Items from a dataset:

━━━━━━

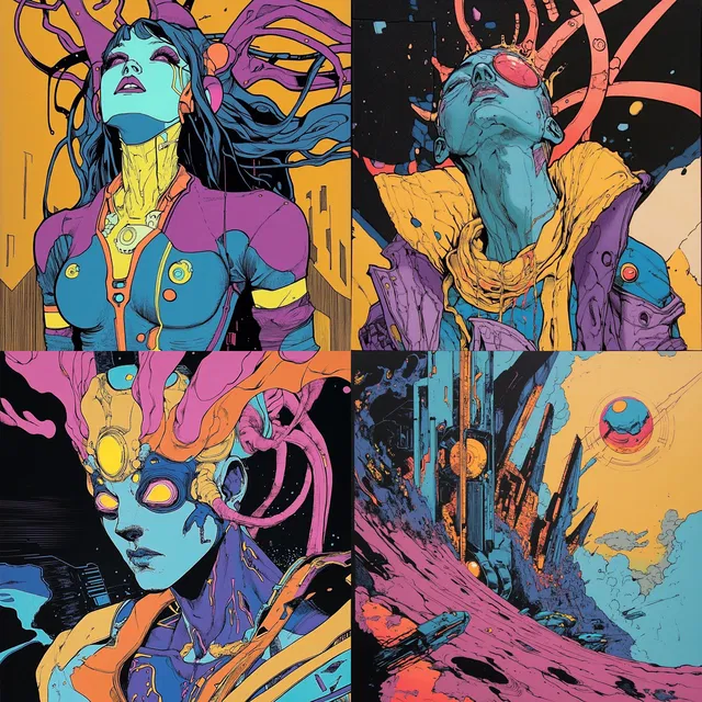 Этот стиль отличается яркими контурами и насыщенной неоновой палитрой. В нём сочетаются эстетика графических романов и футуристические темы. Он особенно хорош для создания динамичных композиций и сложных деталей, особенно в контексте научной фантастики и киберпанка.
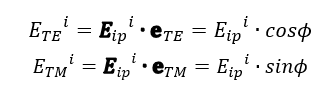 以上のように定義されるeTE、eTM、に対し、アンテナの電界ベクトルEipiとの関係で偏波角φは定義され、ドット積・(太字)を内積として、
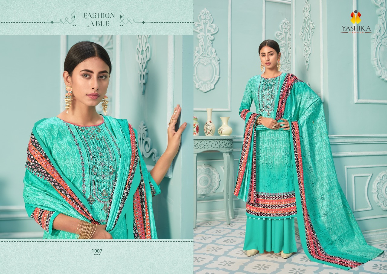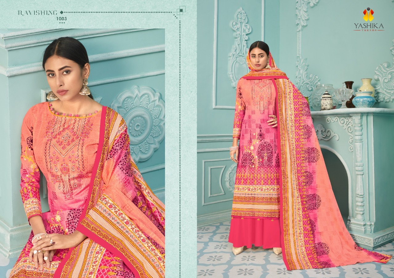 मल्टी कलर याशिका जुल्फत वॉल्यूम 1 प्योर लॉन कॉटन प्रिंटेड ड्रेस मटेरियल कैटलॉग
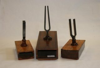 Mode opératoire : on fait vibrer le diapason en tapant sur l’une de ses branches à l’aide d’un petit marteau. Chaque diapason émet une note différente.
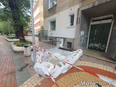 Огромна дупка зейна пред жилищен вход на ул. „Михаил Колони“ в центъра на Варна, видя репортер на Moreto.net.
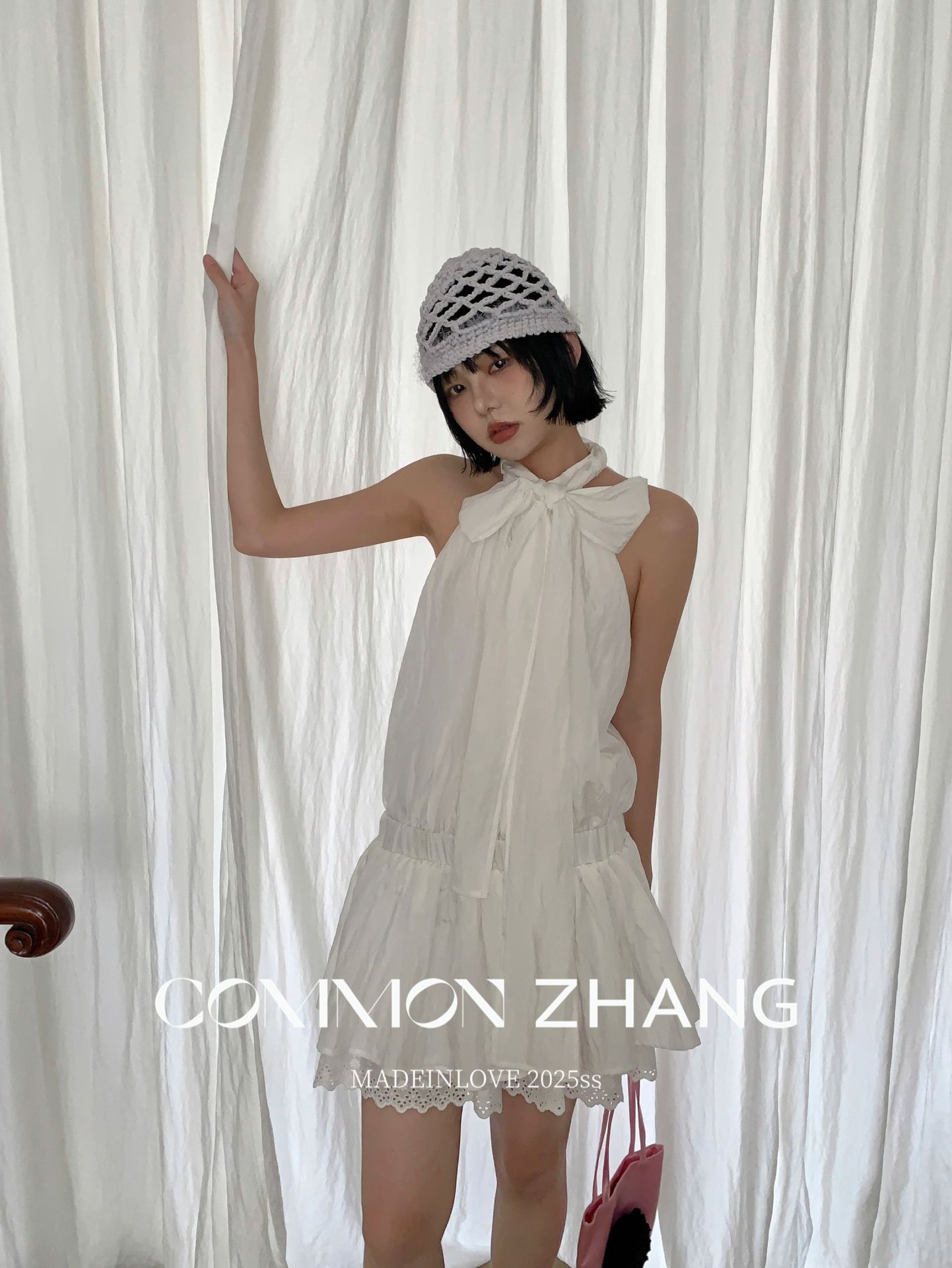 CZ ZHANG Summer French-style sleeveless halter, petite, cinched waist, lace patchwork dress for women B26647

━━━━━━

Directions for this task:
Leave out the pictures and repeat exactly the lines from the one containing "Mode opératoire : on" through the last line of the entries.

The completed task:
 Mode opératoire : on fait vibrer le diapason en tapant sur l’une de ses branches à l’aide d’un petit marteau. Chaque diapason émet une note différente.
 Огромна дупка зейна пред жилищен вход на ул. „Михаил Колони“ в центъра на Варна, видя репортер на Moreto.net.
 CZ ZHANG Summer French-style sleeveless halter, petite, cinched waist, lace patchwork dress for women B26647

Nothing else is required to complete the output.